Two major California thrifts, Glendale Federal Bank and Cal Fed Bancorp, considered merging earlier this year before Cal Fed scotched the deal because it believes it could soon get a better offer from elsewhere.

Sources with direct knowledge of the situation said Glenfed initiated the talks because it believed the surviving institution - which would have had $29 billion of assets - would be more profitable, and more attractive to an out-of-state acquirer, than either company would be on its own.

Many analysts and institutional investors agree that out-of-state banks interested in entering California would prefer to buy a company bigger than either Glenfed or Cal Fed in order to have enough market share to compete with BankAmerica Corp. and Wells Fargo & Co.

But Cal Fed was uncomfortable with some features of Glenfed's balance sheet, including its higher concentration of risky multifamily apartment and commercial loans, and its greater interest rate exposure.

Cal Fed and Glenfed spokespeople said their companies could not comment on the reports. But Cal Fed officials have said publicly that they have reviewed 31 acquisitions in the past year - both small branch acquisitions and larger mergers.
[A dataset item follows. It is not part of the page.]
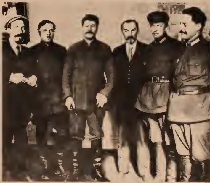
Lenin's last struggle was directed against Stalin (third from left) and his lieutenant Ordzhonikidze (at right), over their Great Russian chauvinism against Georgian Communists. Photo from 1925.

With the collapse of Kaiser Wilhelm's Germany in November 1918, the
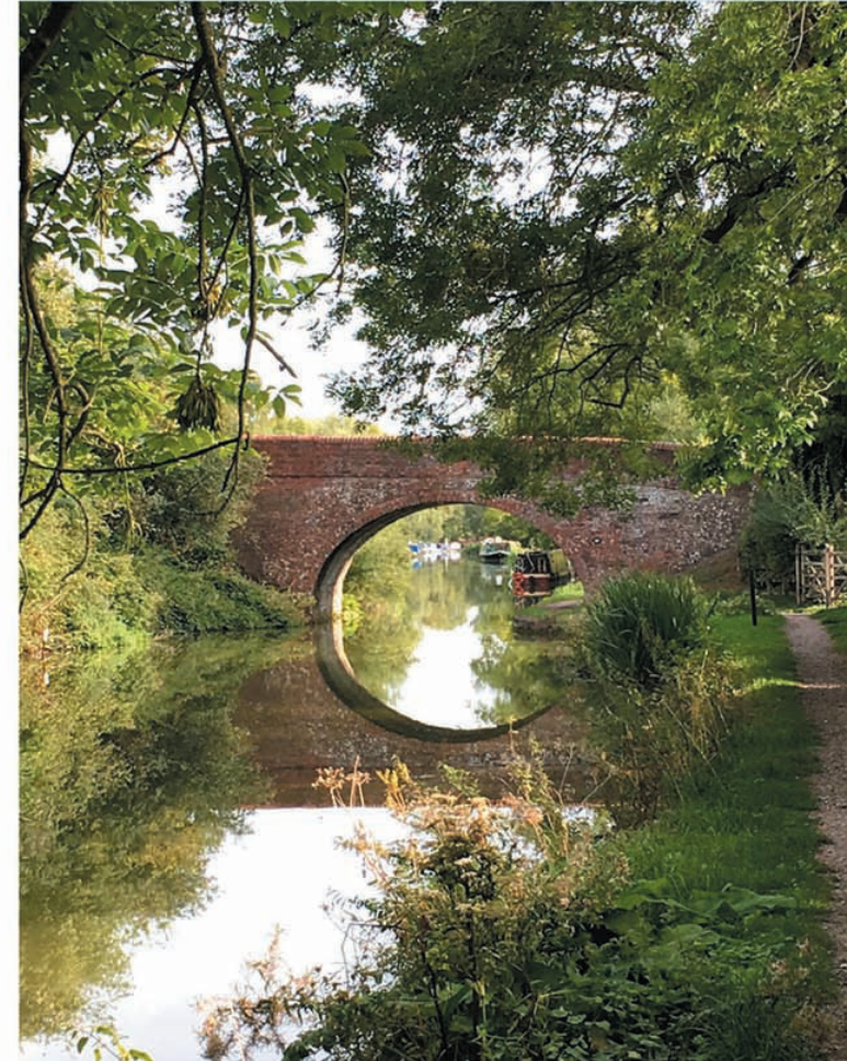
Distance: approx 6.5 km (4 miles) Map: OS Explorer 157

This walk starts from the village square, goes out of the village along Galley Lane, crosses fields skirting the Brails and down to the canal towpath. Leaving the canal and railway behind, it goes up Hatchet Lane to cross the fields towards Chisbury Wood, where it drops back down into the village.

According to sources, Glenfed used the investment banking firm CS First Boston to bring the merger overture to Cal Fed.

As a sign of his serious intentions, Glenfed chairman Stephen J. Trafton offered to step down and let Cal Fed chief executive Edward G. Harshfield run the combined institution, according to sources.

Glenfed proposed that ownership of the combined company be split equally between the two thrifts' shareholders, sources said. The split, they said, would have been such that Glenfed shareholders would get new shares roughly equal to the value of their current holdings, while Cal Fed shareholders would have gotten a small premium.
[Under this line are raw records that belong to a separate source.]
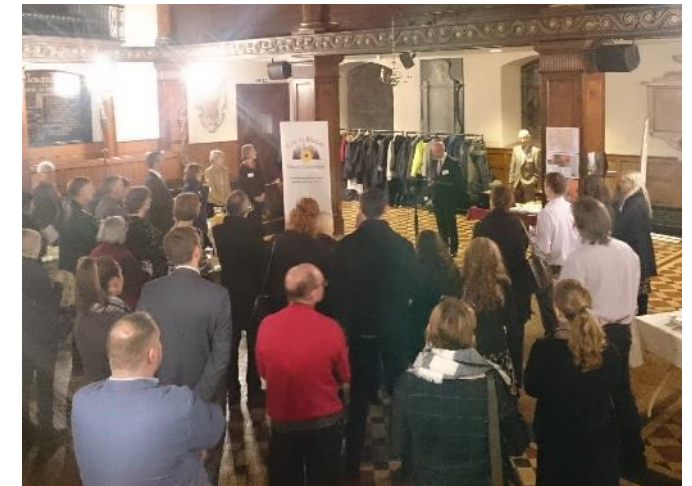
Clean Air Gardens celebration event
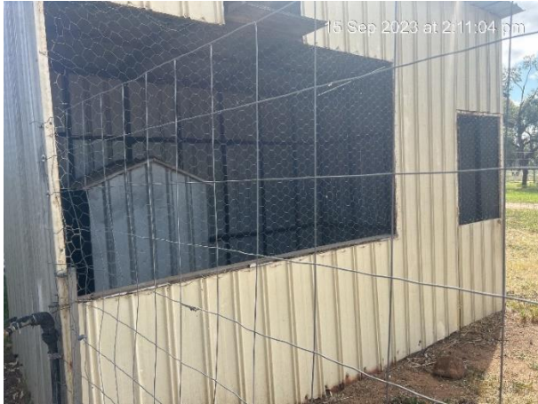
Enclosed dog yard 1
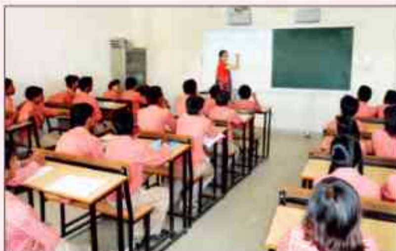
One of the Smart Classes
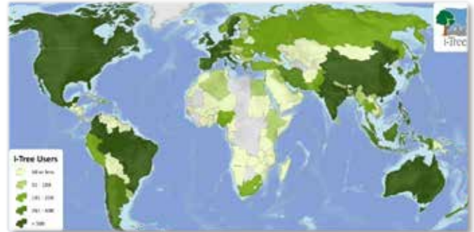
i-Tree user map based on software downloads and tool use

i-Tree Database is a web portal used to submit data needed for cities to be integrated into i-Tree.

The surviving company would have had either the Glenfed name, or a new name, sources said.

Cost savings were estimated by the sources at about $75 million within a year, mostly from consolidations of duplicate back-office and data processing operations, and headquarters and administrative offices.
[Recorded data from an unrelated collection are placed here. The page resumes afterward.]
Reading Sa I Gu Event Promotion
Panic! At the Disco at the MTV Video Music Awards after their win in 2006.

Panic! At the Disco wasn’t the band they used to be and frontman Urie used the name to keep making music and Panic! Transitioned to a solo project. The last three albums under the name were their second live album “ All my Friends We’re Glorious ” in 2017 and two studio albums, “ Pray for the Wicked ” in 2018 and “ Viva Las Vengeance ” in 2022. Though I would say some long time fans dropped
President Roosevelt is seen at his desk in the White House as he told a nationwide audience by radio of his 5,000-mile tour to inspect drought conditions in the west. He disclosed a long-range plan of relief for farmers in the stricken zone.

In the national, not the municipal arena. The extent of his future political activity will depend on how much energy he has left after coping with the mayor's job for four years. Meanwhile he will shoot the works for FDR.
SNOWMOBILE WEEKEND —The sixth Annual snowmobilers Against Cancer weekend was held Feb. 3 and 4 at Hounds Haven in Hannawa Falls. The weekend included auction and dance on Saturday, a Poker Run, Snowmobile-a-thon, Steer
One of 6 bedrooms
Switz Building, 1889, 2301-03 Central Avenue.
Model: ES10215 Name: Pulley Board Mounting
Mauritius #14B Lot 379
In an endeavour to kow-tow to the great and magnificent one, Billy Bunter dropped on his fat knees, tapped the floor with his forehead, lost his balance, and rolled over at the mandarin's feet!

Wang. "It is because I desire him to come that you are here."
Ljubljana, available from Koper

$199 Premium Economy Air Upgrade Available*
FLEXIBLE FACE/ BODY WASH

Both rank among the nation's 10 biggest thrifts. Glenfed, based in Glendale, has assets of $14.6 billion, while Los Angeles-based Cal Fed has assets of $14.3 billion. Together, they would have formed the country's fourth-largest thrift.

"There was enough juice that it would have worked out nicely as an MOE (merger of equals)," said one source with direct knowledge of the talks. Analysts and investors have rated a merger between Cal Fed and Glenfed as one of the most likely in the industry. Indeed, the two came close to consummating a deal in 1989 before disagreements between managements killed the merger at the last minute.

But in the most recent talks Cal Fed officials decided other mergers could be done in the next 18 months that would better for their shareholders, source said. Possible merger partners include other California thrifts or out-of-state banks, observers noted.

Investors and analysts had mixed reactions to reports that Cal Fed had nixed a Glenfed offer. "Assuming you really did get rid of one back office, and did substantial reductions of branches and overlaps, I think it (a merger) would be fabulous," said Charlotte Chamberlain, an analyst with Wedbush Morgan Securities.

But Joseph Jolson, a thrift analyst with Montgomery Securities, said a merger could be bad for shareholders of both thrifts if it integration process delayed the acquisition of either company by an out-of-state bank for a higher price.